- _ACTIVITY_
Return, with both end lines included, exactly what the data below holds from the line with "Objevuj svět uvnitř" through the line with "Small Gold Hoop", though not the pictures.

- _DATASET RECORDS_

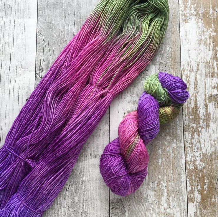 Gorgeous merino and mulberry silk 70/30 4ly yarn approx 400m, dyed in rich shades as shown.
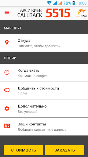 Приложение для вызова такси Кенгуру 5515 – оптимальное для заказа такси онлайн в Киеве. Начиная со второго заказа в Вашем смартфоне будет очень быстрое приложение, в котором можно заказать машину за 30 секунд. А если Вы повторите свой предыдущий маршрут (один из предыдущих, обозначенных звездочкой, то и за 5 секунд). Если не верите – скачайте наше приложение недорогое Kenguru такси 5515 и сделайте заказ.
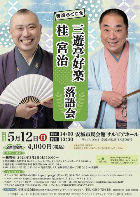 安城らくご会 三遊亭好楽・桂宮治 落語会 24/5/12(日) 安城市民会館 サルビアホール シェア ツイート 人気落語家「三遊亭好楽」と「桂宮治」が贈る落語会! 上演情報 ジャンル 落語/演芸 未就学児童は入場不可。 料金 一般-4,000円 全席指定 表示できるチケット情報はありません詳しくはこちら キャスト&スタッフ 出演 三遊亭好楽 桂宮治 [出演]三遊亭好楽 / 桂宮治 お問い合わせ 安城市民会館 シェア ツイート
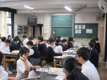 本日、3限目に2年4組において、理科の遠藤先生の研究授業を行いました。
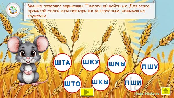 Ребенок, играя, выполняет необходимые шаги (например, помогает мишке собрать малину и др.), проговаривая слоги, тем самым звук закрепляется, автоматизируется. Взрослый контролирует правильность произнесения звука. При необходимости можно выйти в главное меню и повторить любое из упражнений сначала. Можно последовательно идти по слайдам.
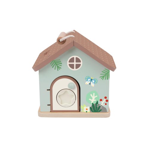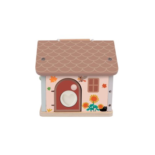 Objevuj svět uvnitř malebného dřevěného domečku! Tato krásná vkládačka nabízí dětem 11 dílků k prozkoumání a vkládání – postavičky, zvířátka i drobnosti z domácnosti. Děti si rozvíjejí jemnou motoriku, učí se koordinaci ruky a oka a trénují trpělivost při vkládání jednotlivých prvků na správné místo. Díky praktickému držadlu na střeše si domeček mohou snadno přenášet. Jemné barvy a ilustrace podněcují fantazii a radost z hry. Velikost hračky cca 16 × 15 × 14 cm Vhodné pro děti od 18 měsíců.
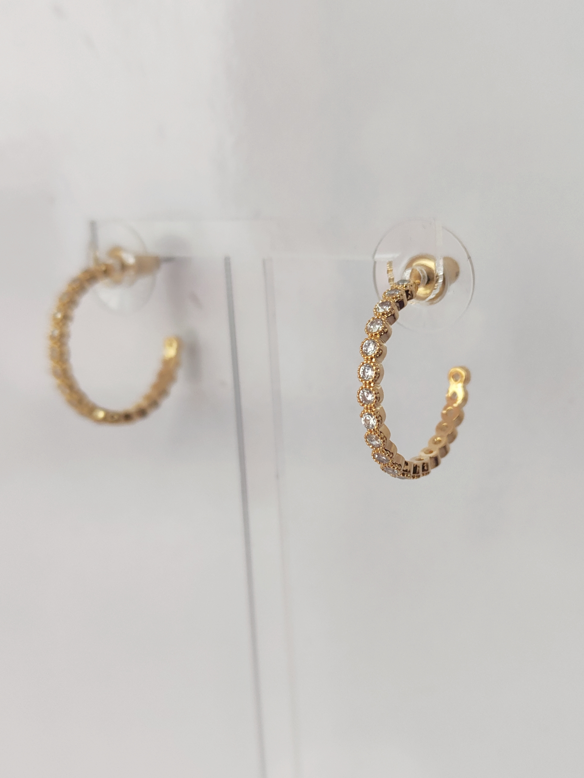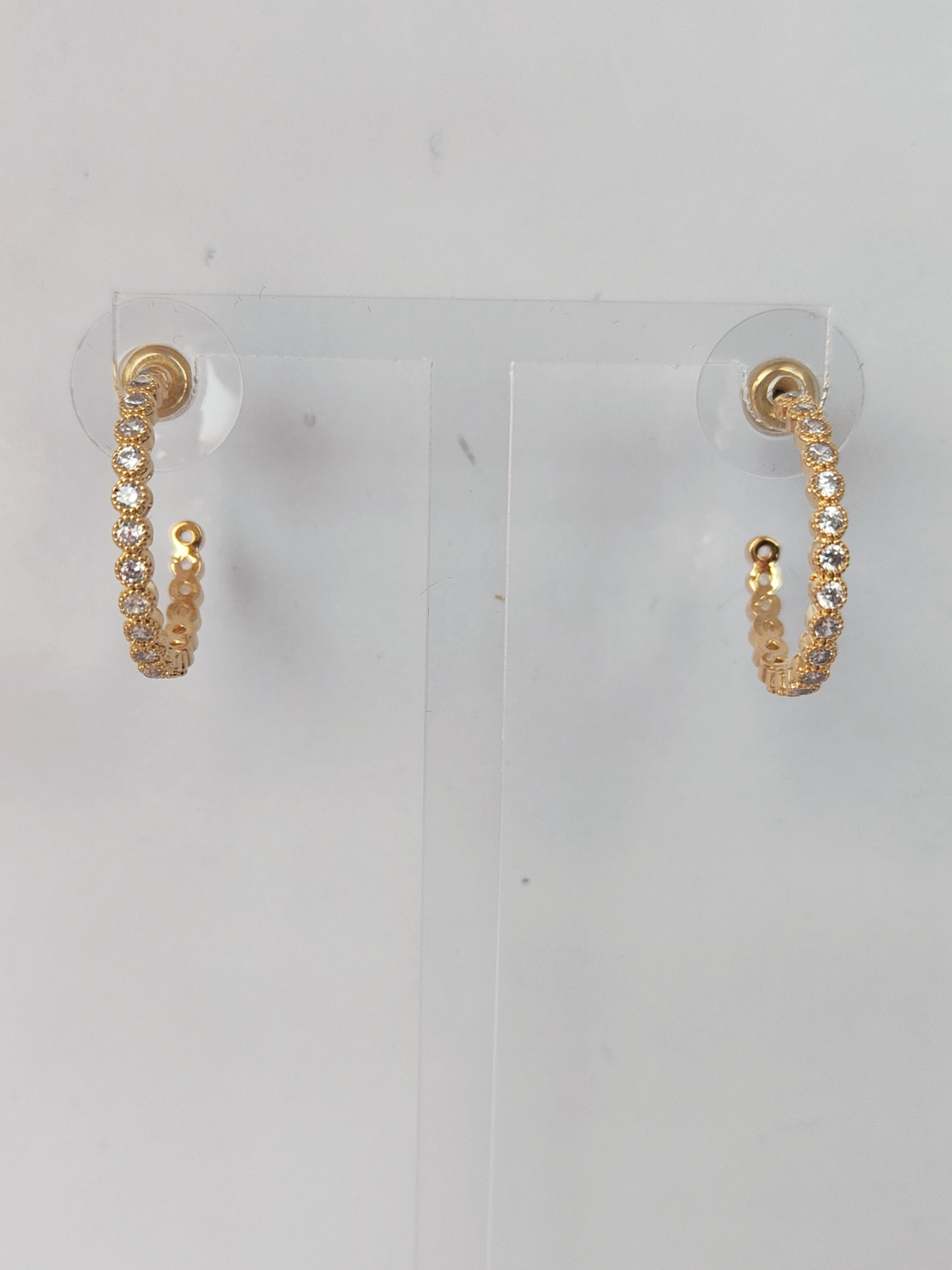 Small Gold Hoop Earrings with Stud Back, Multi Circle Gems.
--
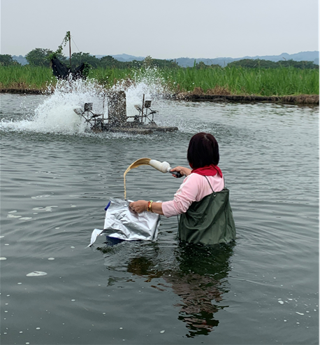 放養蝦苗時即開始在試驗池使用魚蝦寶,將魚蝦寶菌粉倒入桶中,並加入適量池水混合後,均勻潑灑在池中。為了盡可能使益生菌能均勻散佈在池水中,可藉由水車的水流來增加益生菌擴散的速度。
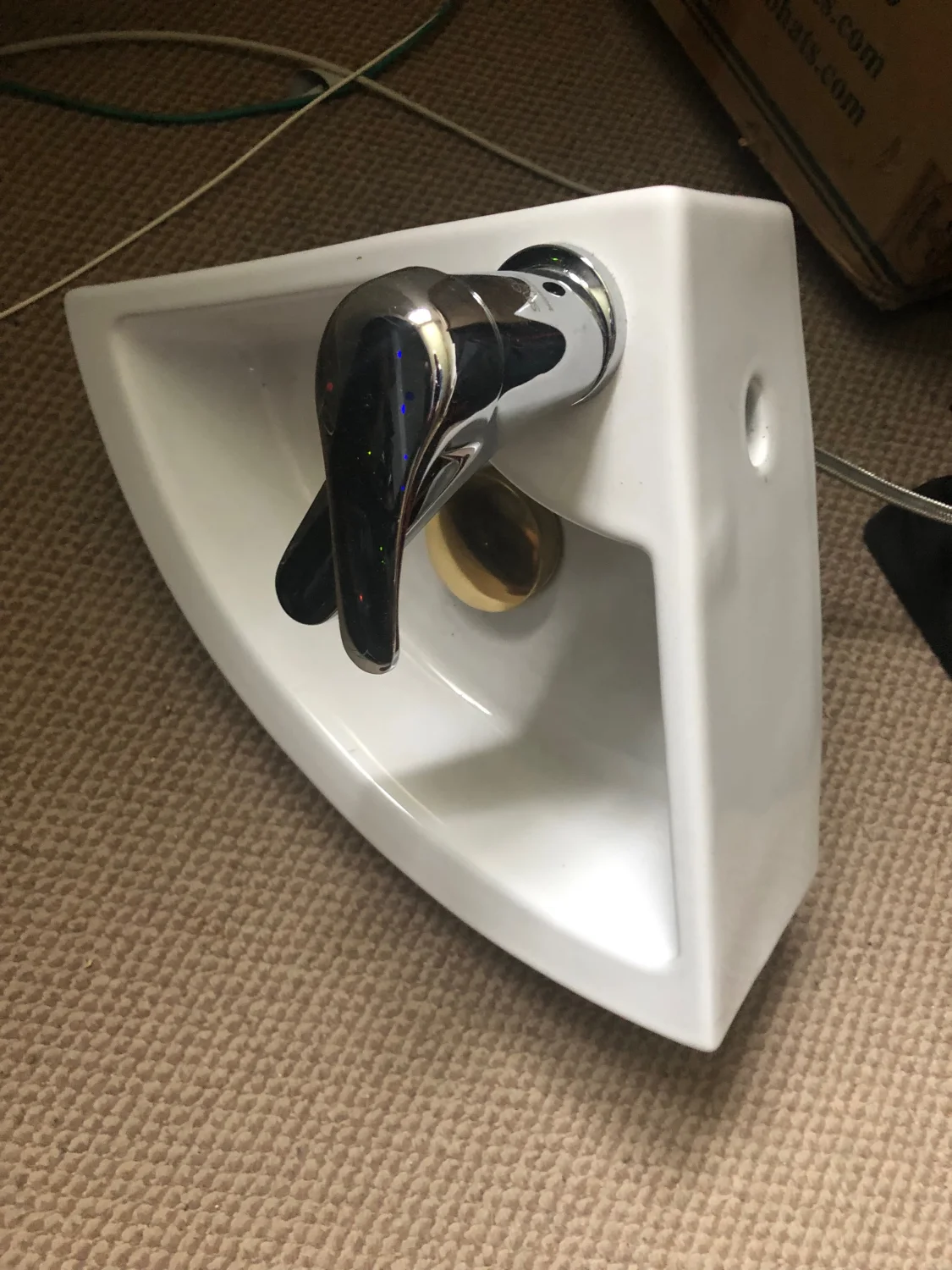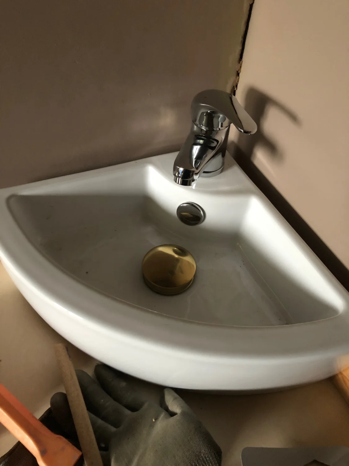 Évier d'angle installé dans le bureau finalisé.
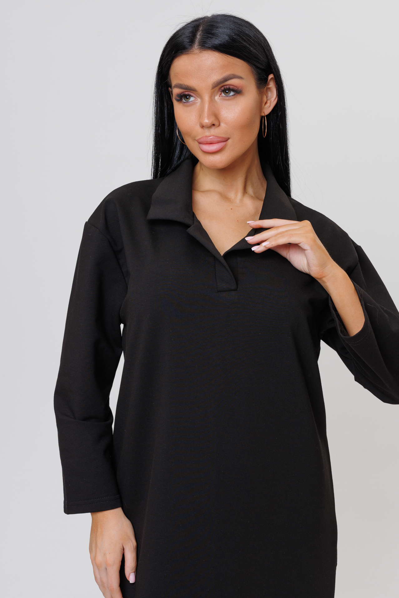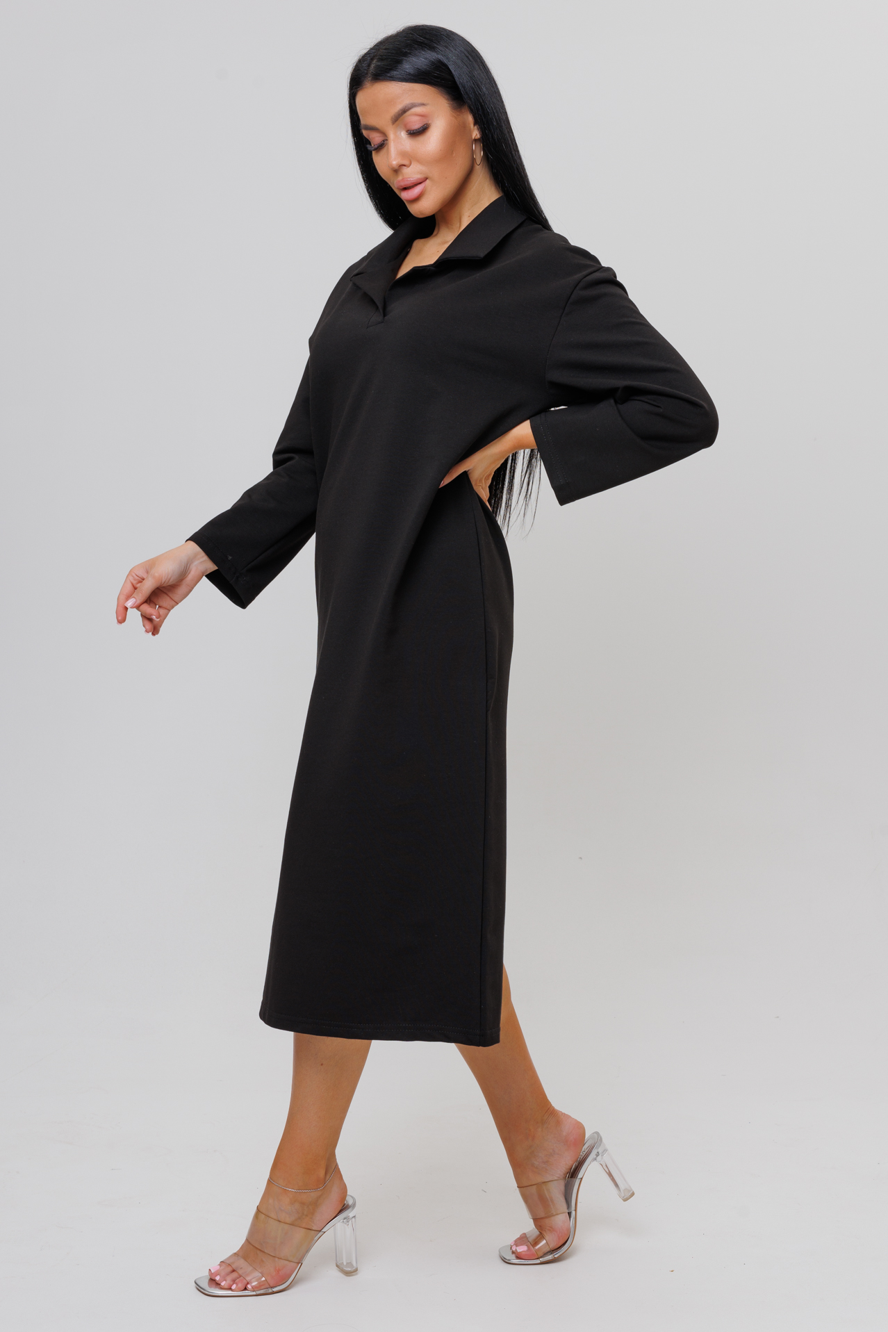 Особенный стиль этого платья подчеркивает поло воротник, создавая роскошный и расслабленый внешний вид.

- _EXERCISE RESULT_
 Objevuj svět uvnitř malebného dřevěného domečku! Tato krásná vkládačka nabízí dětem 11 dílků k prozkoumání a vkládání – postavičky, zvířátka i drobnosti z domácnosti. Děti si rozvíjejí jemnou motoriku, učí se koordinaci ruky a oka a trénují trpělivost při vkládání jednotlivých prvků na správné místo. Díky praktickému držadlu na střeše si domeček mohou snadno přenášet. Jemné barvy a ilustrace podněcují fantazii a radost z hry. Velikost hračky cca 16 × 15 × 14 cm Vhodné pro děti od 18 měsíců.
 Small Gold Hoop Earrings with Stud Back, Multi Circle Gems.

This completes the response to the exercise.